I think it would be possible to organize it kind of like iTunes used to do music but things would get complicated fast, not least of which because there isn’t a general convention for how photos should be organized the way there was with Music. And even with Music it’s not that settled, because Apple felt the need to create a separate music app specifically for Classical music, which uses the same database as Music, because the data model for pop music doesn’t work very well for Classical. (And even that’s only Western classical because neither model works that well for, say, Hindustani music or even Western genres like jam bands.)
I mean, you said it yourself in the sentence before:
The problem wasn't the innovations Apple made. The problem was the transitions away from it.
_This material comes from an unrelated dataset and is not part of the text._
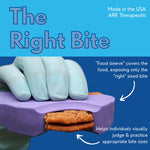 Since only a portion of the food is presented at a time, the Right Bite encourages appropriate bite sizes, prevents mouth stuffing, and paces the rate of eating to allow for adequate chewing time. For jaw grading and control, use food items of various thicknesses and practice gauging how far to open the mouth for each food item. No matter what your goal is, the Right Bite eliminates the risk of the therapist/caregiver being bitten during feeding therapy. Furthermore, being presented with a prescribed bite decreases the visual sensory concerns that some individuals may have with large pieces of food. The Right Bite therapy tool is recommended for individuals of all ages. Measures roughly 4 x 2 inches with a bite opening of 1.4 x .6 inches. Dishwasher-safe.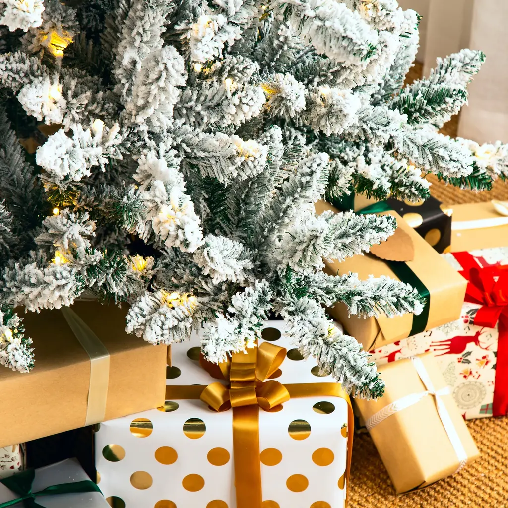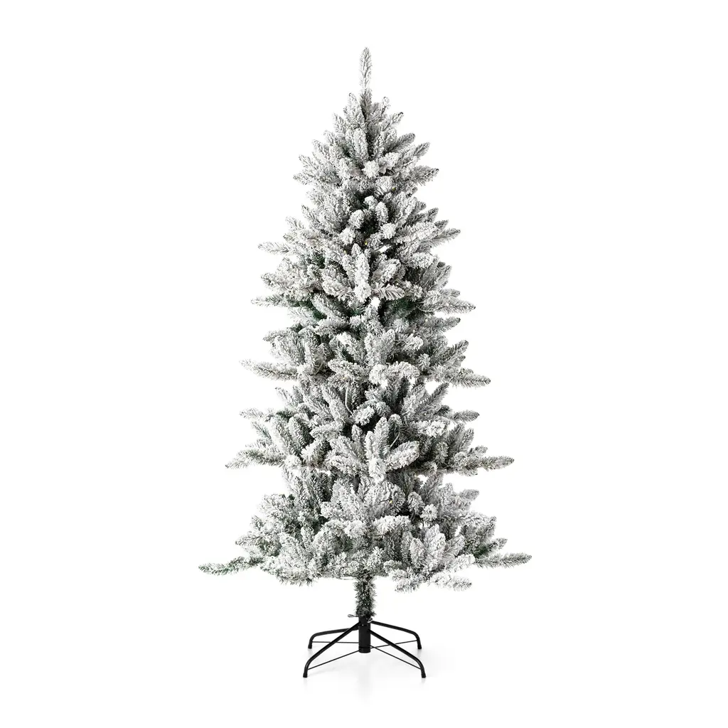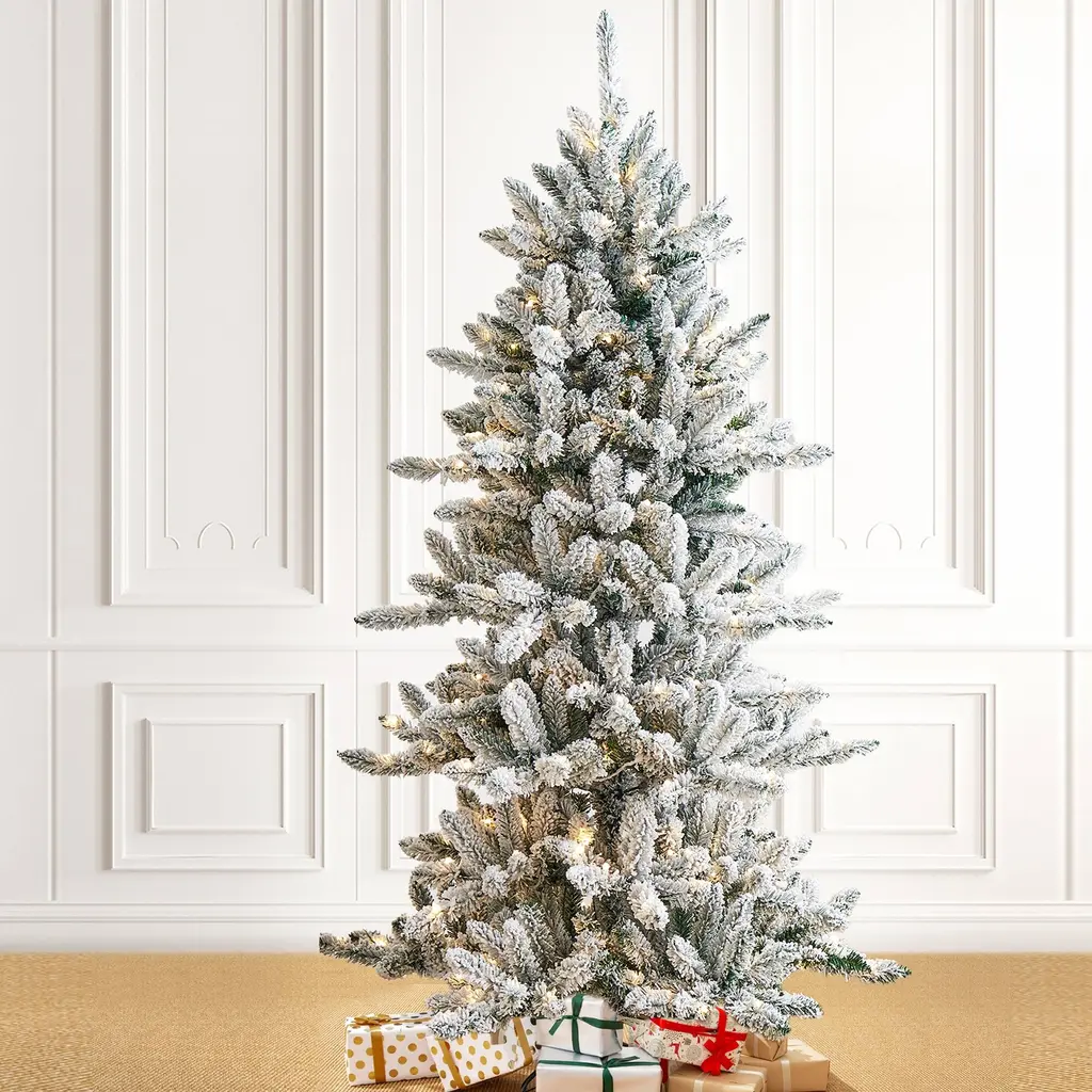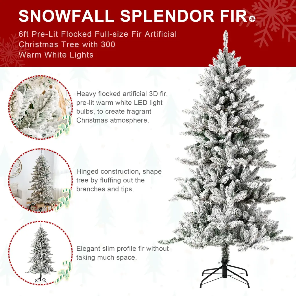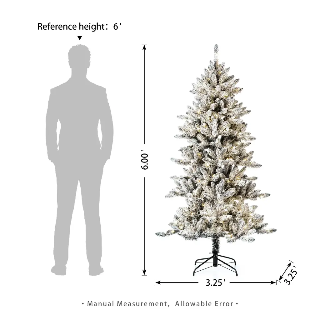 Glitzhome 6Ft/7.5ft/9ft/11ft Snow Flocked Pre-Lit Artificial Fir Christmas Trees - 6Ft Full-Size Fir

If we divide (and broadly simplify) the timeline, Microsoft birthed the learned helplessness in the PC era and Apple raised it in the Iphone era.
I'd point to streaming services as one inflection point. All of a sudden file management became irrelevant for consumption at the same time the devices became geared more toward consumption.
Somewhat tangential, my spouse identified the iPod video as the inflection point where mobile electronics transitioned from tools to consumption devices. Before, none of them required or encouraged staring at the device for long durations. You would snap a quick picture, talk/text, take a note, or listen to music; but it was all in service of the area around instead of the device itself. But with a TV show on your ipod, you ignore the world around you for 20-30 min.
And as mobile devices(and web browsers) came to dominate people's lives, the abstractions they made from the filesystem ported back to the main desktop.
Architectural decisions made for a phone don’t mean much when we’re talking about how PCs work doesn’t make sense. These are different devices used for different reasons. I will never understand why a certain clade of tech people keep conflating the two. It was almost like 10-15 years of having iPhones before they ever even got to the point where you could have a conversation about using one for most PC related activities, and the experiment on what level of access to the machine developers should have if you want a software development ecosystem that’s conducive to indie app developers actually making money the verdict has come down pretty decisively on the since of the App Store model.
Abstracting the file management system on the desktop OSes didn’t start in MacOS, it started from the transition of enterprise software going from stuff that runs on your computer to stuff that treats your computer a thin client for some SaaS thing. Aside from managing photos the average user basically does not interact with their stuff on files because it’s all cloud based shit now. If anyone’s responsible for that transition it’s Google rather than Apple or Microsoft.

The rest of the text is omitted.